Without a doubt, the best place to observe giant tortoises in their natural habitat is on Santa Cruz Island. This iconic creature can be found roaming freely in the highlands of the island. Giant tortoises are famous for their gentleness and for being one of the endemic species that captivated naturalist Charles Darwin the most during his visit to the archipelago in 1835. Today we dedicate the whole day to these giants, visiting them in the wild in the morning and in the afternoon at the breeding center of the Galapagos National Park.
Early in the morning National Geographic Islander II dropped anchor at Academy Bay at Puerto Ayora, the largest town on the archipelago. After breakfast we headed to the main dock and afterwards, we boarded the buses heading to the highlands to visit “El Trapiche,” one of the oldest farms of the island. Its owner, Mr. Adriano Cabrera, showed us the process of making sugar and alcohol (moonshine) from sugar cane juice. What makes this site special is the rustic way of producing and harvesting the products which was developed hundreds of years ago.
After savoring delicious Galapagos coffee with chocolate and brown sugar, we headed towards “Los Gemelos” or “The Twins,” a pair of pit craters located in the center of Santa Cruz Island at its highest point. The collapse of a magma chamber formed both craters long time ago. The holes are giant and estimated to be a few hundred feet deep with sheer cliffs surrounding the dense vegetation below. We walked along the craters covered by a forest of scalesia pedunculata, an endemic tree found in the highlands of the island.
After visiting the pit craters, we headed at El Manzanillo Farm to enjoy a succulent and delicious lunch and then to visit the emblematic giant tortoises in their natural habitat. We found them everywhere, along the road, climbing hills, resting inside muddy puddles, or feeding on grass. We observed males and females of different sizes and ages roaming freely and indifferently close to us.

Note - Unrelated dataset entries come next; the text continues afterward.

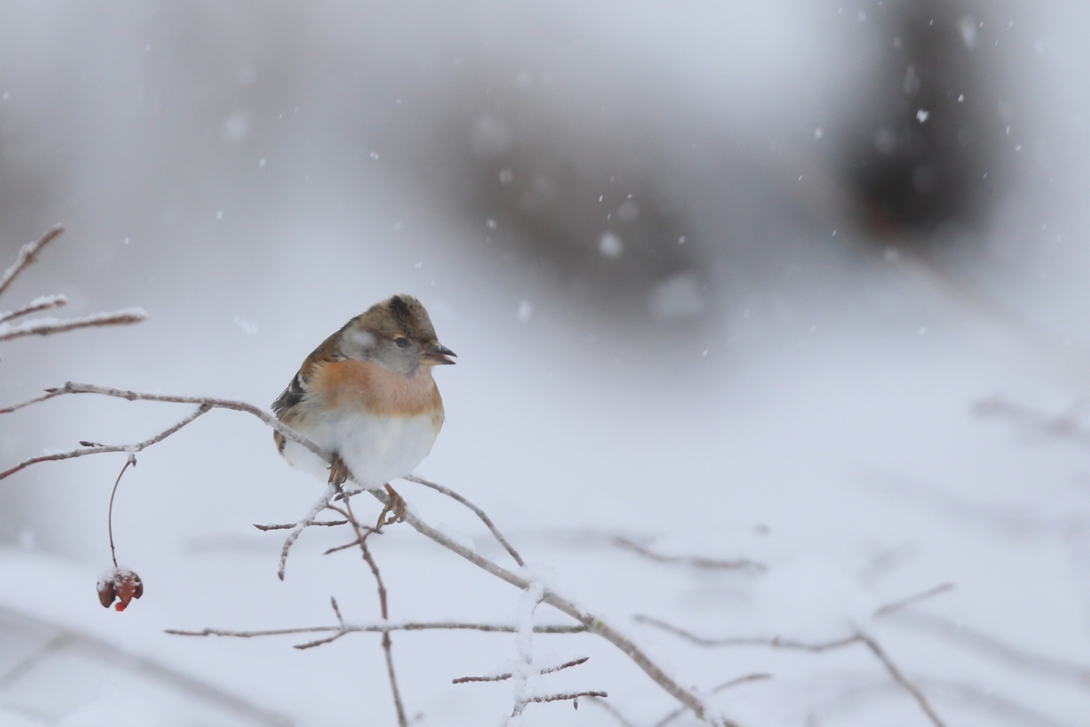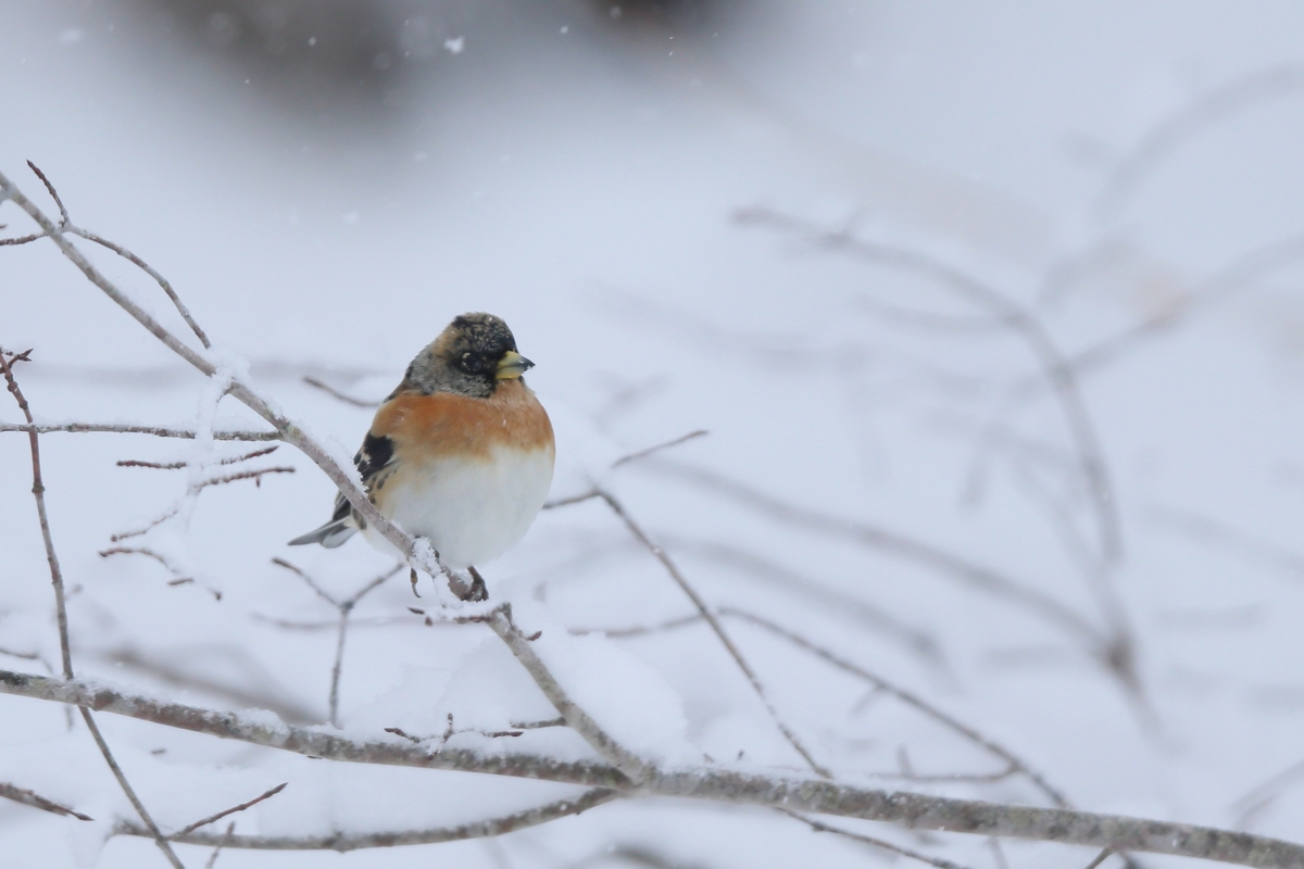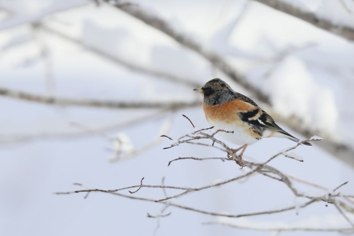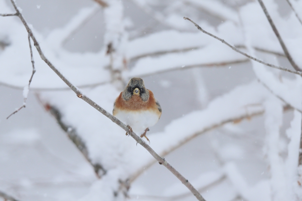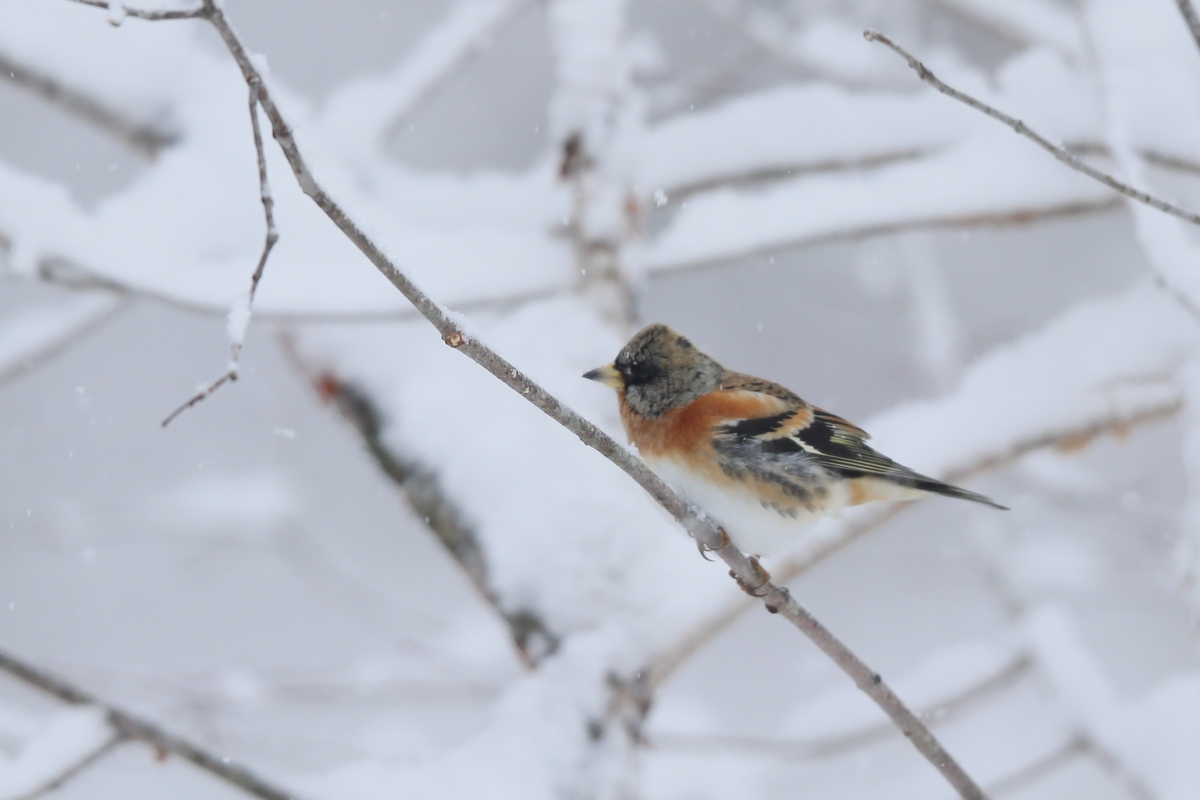 アトリは冬鳥です。3月頃の渡りの時期に雪がとけていると集団でやって来ますが、今は数羽程度です。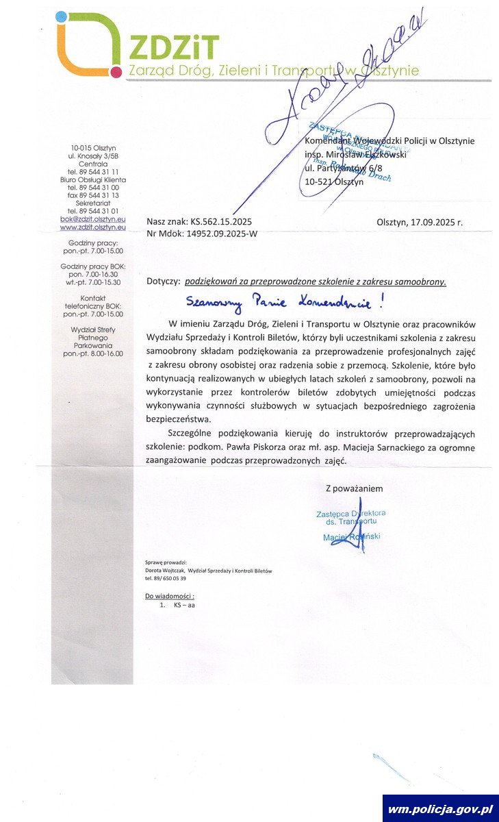 Podziękowanie dla policjantów za przeprowadzenie szkolenia w zakresie samoobrony Powrót Drukuj 17.09.2025
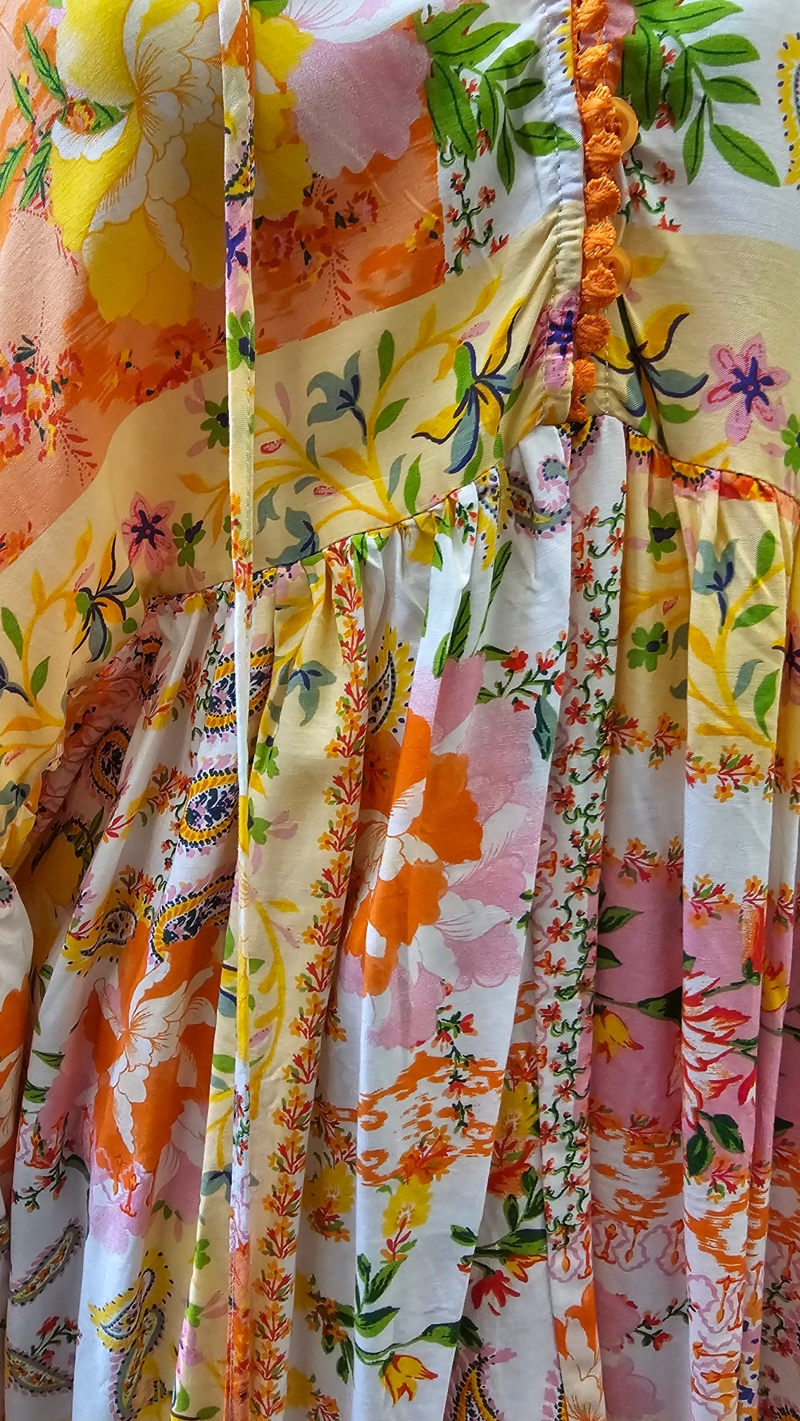 This dress is a showstopper with its fun and beautiful whimsical colours. A classic maxi silhouette, the fitted bodice...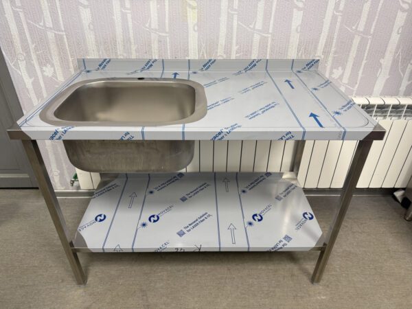 Müüa roostevaba laud suure valamuga. Sobib nii eelpesusse kui potipesusse. Valamu mõõt 50x40x25cm. Valamu vasaku. Reguleeritavad jalad. All riiul mõõduga 116x50cm, vahe 58cm. Töötasapinnal ja riiulil tagaäär üles 5cm.
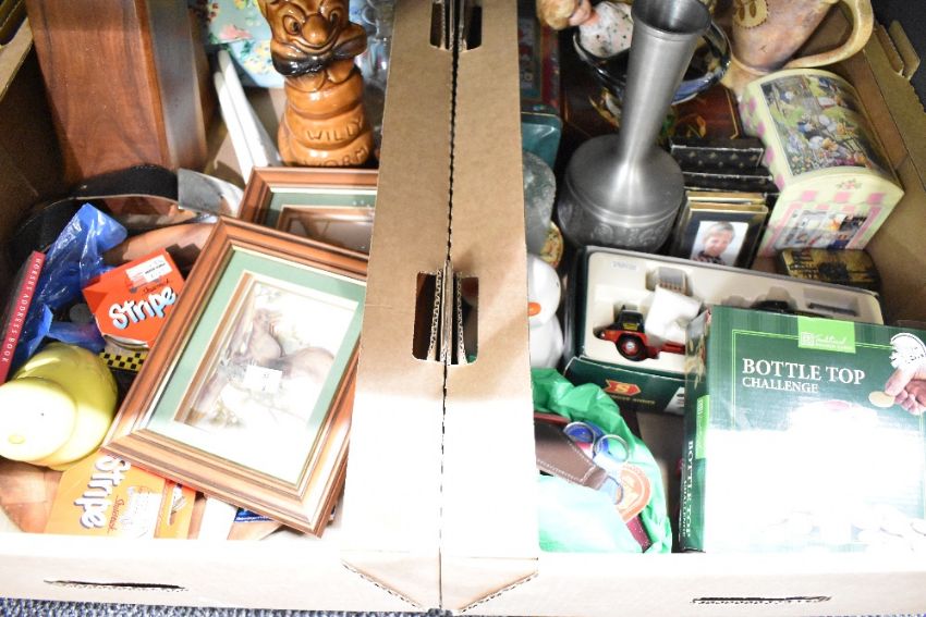 A miscellaneous selection of items in two cartons including a vintage Salter scale, a Corgi Eddie Stobbart die cast model in original box, a Kath Kidston style ladies handbag, a Wooden knife block and a selection of leather keyrings etc.

Finally, we headed back to Puerto Ayora to visit the Galapagos National Park breeding center. We observed the efforts made by local institution trying to protect and preserve the lineage of this emblematic species unique in the world. We started visiting the smallest tortoises which had left the incubators few months ago; next the females and males in corrals where we could appreciate the difference in size and the shape of their carapaces.
After an incredible day with the giants of the Galapagos, we started our return to National Geographic Islander II as the sunset painted the horizon with a reddish color that was reflected in the sea, while we, tired but happy, remembered this special day.